* Try it *
Set down the records once more, please, exactly and with the pictures left out.

==== Data ====

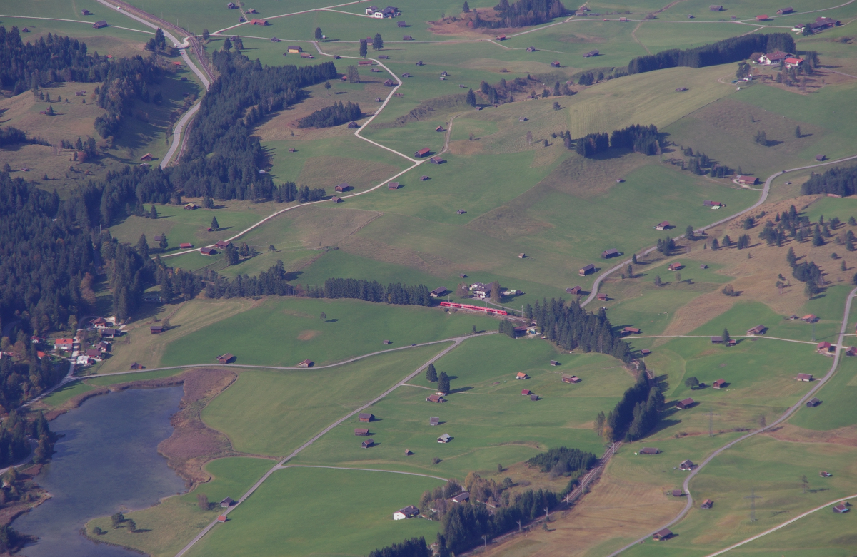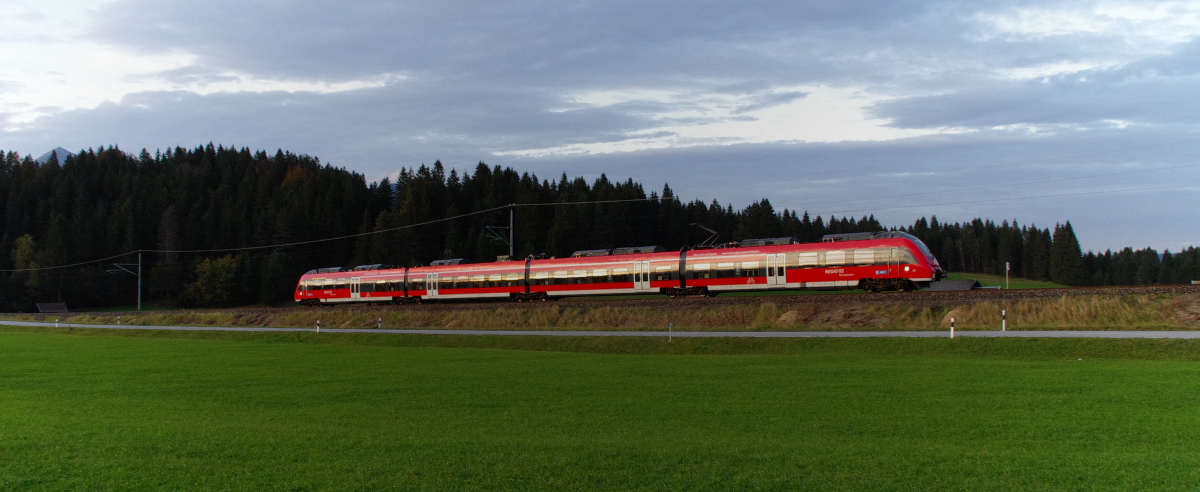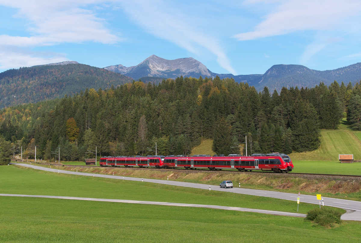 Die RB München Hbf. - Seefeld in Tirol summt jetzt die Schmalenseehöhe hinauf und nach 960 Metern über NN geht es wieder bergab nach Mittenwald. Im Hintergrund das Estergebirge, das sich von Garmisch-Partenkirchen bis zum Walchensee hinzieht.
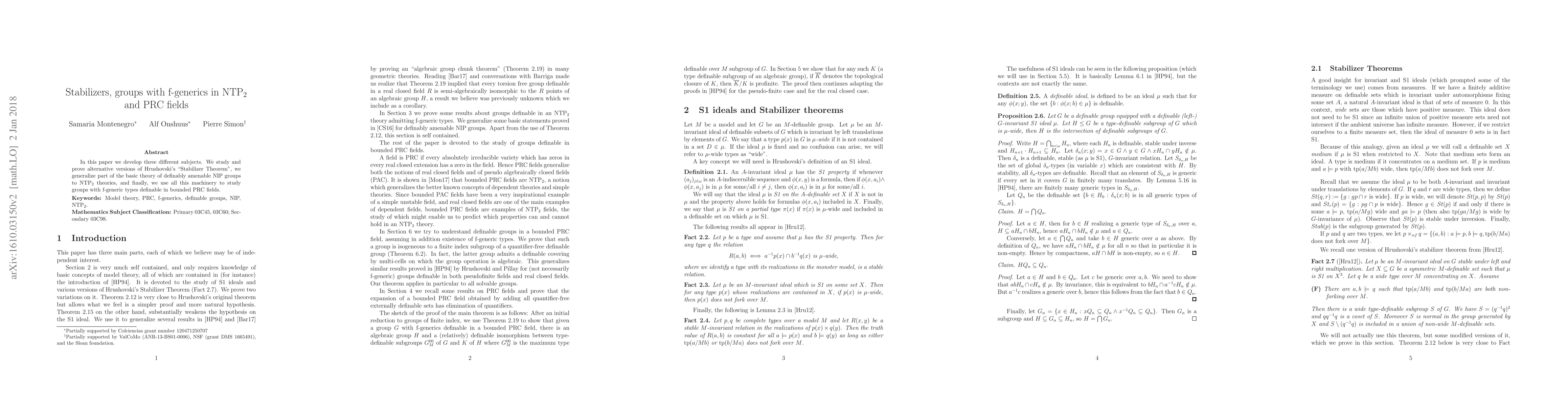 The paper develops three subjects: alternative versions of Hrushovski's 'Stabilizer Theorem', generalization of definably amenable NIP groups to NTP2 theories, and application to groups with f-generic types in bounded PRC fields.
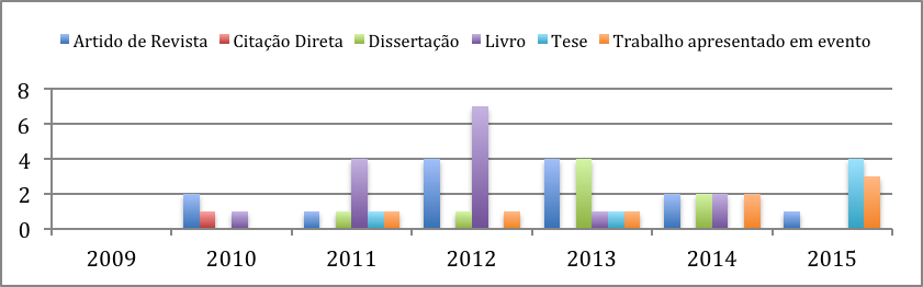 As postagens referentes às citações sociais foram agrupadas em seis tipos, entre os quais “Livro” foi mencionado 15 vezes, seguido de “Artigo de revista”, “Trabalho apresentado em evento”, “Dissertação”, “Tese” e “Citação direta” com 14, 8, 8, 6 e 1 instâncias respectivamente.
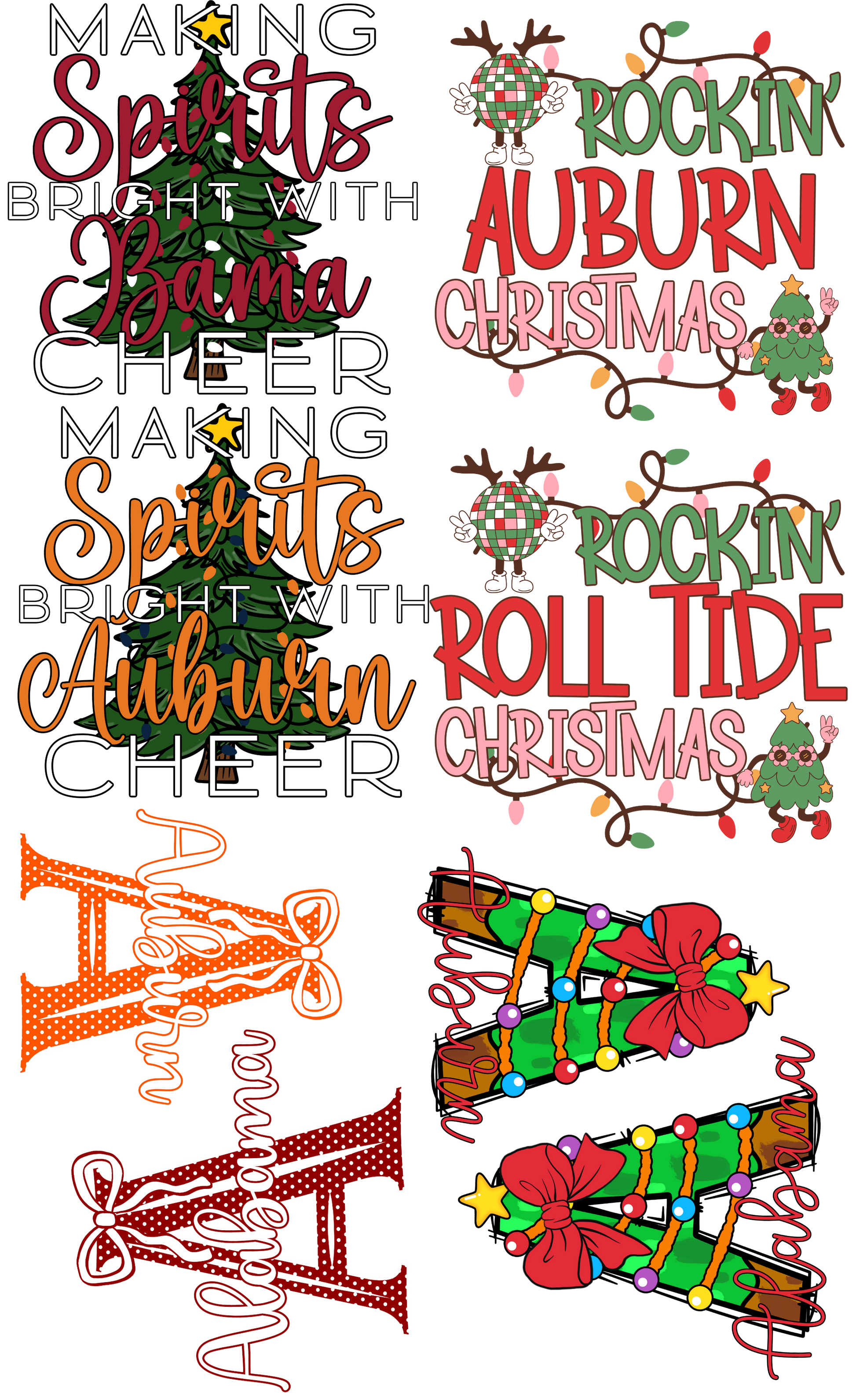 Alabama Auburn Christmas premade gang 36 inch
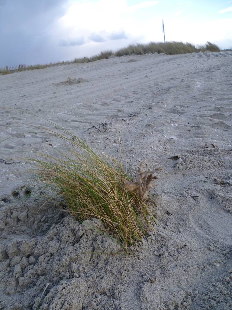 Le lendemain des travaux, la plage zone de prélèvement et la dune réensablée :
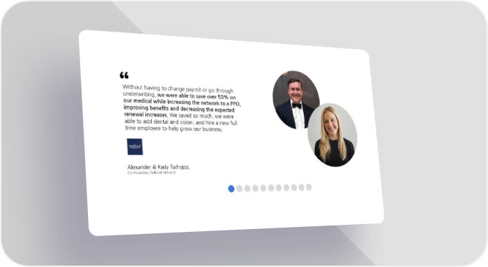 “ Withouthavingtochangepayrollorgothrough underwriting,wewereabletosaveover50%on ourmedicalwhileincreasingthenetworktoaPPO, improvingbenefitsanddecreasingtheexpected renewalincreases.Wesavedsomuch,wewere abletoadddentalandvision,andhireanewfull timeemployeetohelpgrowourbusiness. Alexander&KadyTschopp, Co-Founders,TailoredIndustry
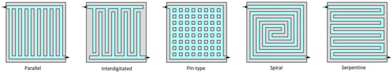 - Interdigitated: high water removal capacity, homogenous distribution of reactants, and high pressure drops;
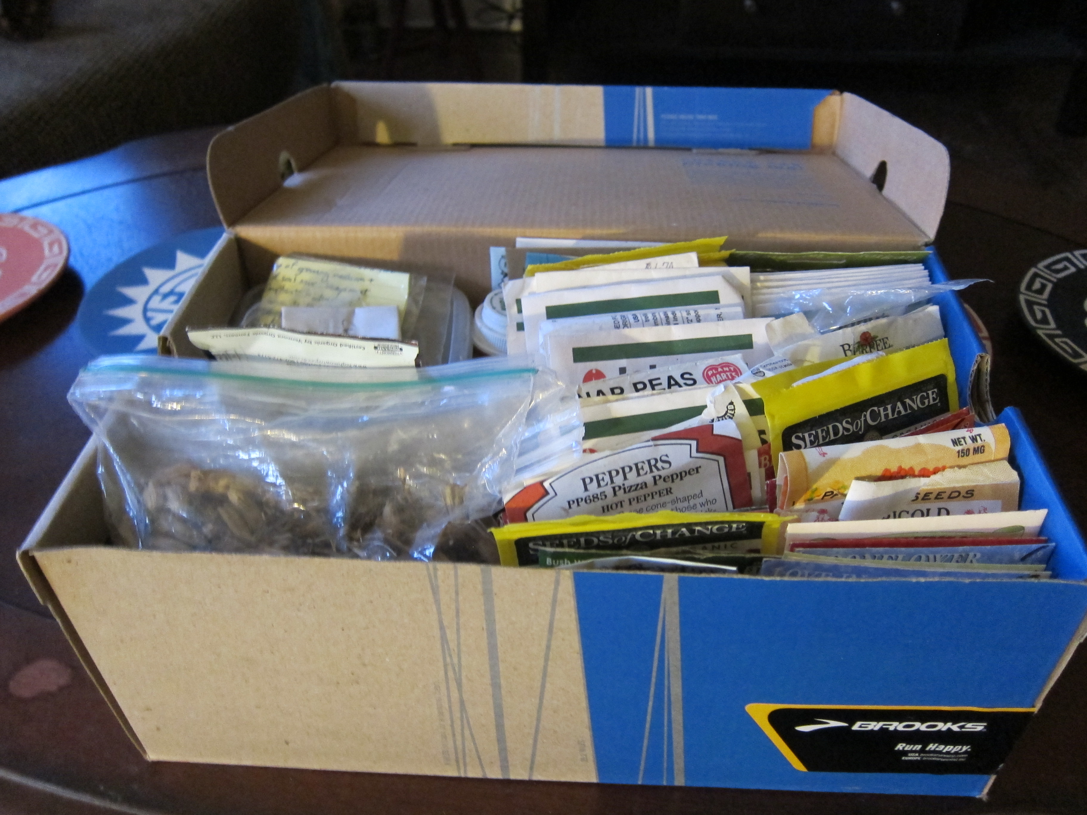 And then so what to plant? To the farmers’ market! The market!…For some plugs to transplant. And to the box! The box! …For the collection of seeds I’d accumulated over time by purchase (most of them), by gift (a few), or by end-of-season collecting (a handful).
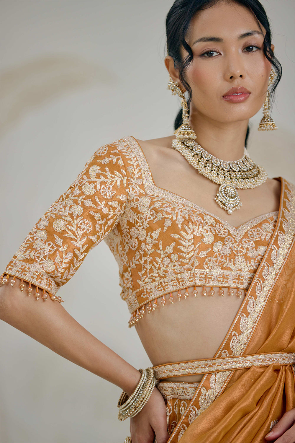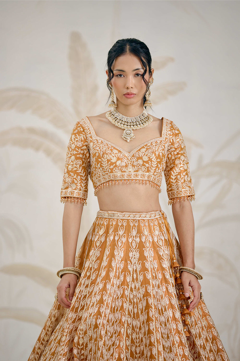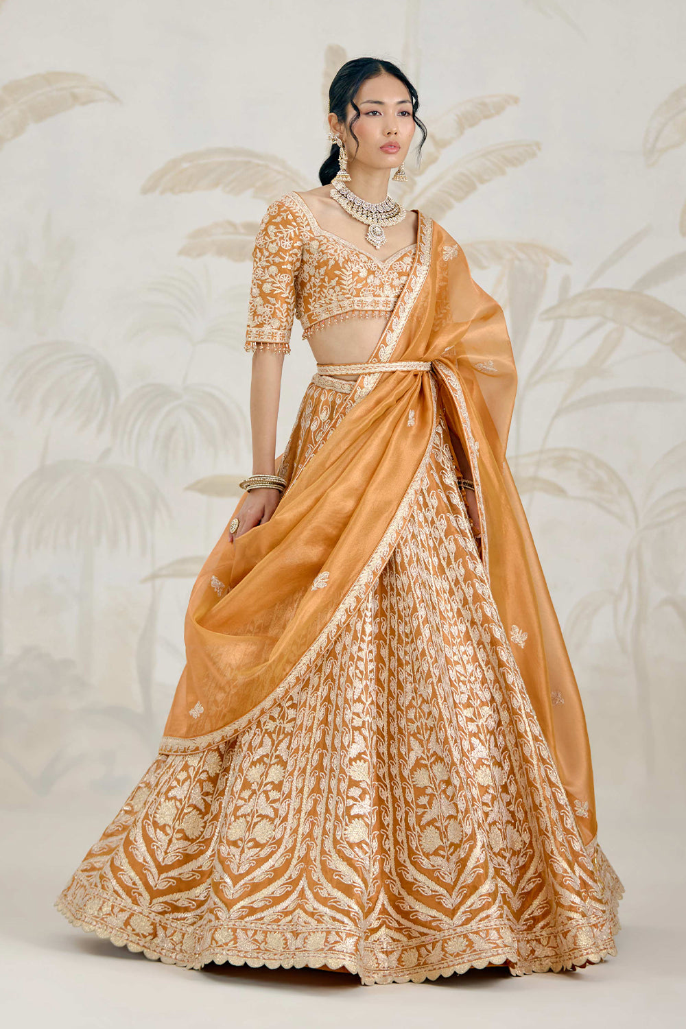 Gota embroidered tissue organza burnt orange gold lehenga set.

====

* Response to the task *
 Die RB München Hbf. - Seefeld in Tirol summt jetzt die Schmalenseehöhe hinauf und nach 960 Metern über NN geht es wieder bergab nach Mittenwald. Im Hintergrund das Estergebirge, das sich von Garmisch-Partenkirchen bis zum Walchensee hinzieht.
 The paper develops three subjects: alternative versions of Hrushovski's 'Stabilizer Theorem', generalization of definably amenable NIP groups to NTP2 theories, and application to groups with f-generic types in bounded PRC fields.
 As postagens referentes às citações sociais foram agrupadas em seis tipos, entre os quais “Livro” foi mencionado 15 vezes, seguido de “Artigo de revista”, “Trabalho apresentado em evento”, “Dissertação”, “Tese” e “Citação direta” com 14, 8, 8, 6 e 1 instâncias respectivamente.
 Alabama Auburn Christmas premade gang 36 inch
 Le lendemain des travaux, la plage zone de prélèvement et la dune réensablée :
 “ Withouthavingtochangepayrollorgothrough underwriting,wewereabletosaveover50%on ourmedicalwhileincreasingthenetworktoaPPO, improvingbenefitsanddecreasingtheexpected renewalincreases.Wesavedsomuch,wewere abletoadddentalandvision,andhireanewfull timeemployeetohelpgrowourbusiness. Alexander&KadyTschopp, Co-Founders,TailoredIndustry
 - Interdigitated: high water removal capacity, homogenous distribution of reactants, and high pressure drops;
 And then so what to plant? To the farmers’ market! The market!…For some plugs to transplant. And to the box! The box! …For the collection of seeds I’d accumulated over time by purchase (most of them), by gift (a few), or by end-of-season collecting (a handful).
 Gota embroidered tissue organza burnt orange gold lehenga set.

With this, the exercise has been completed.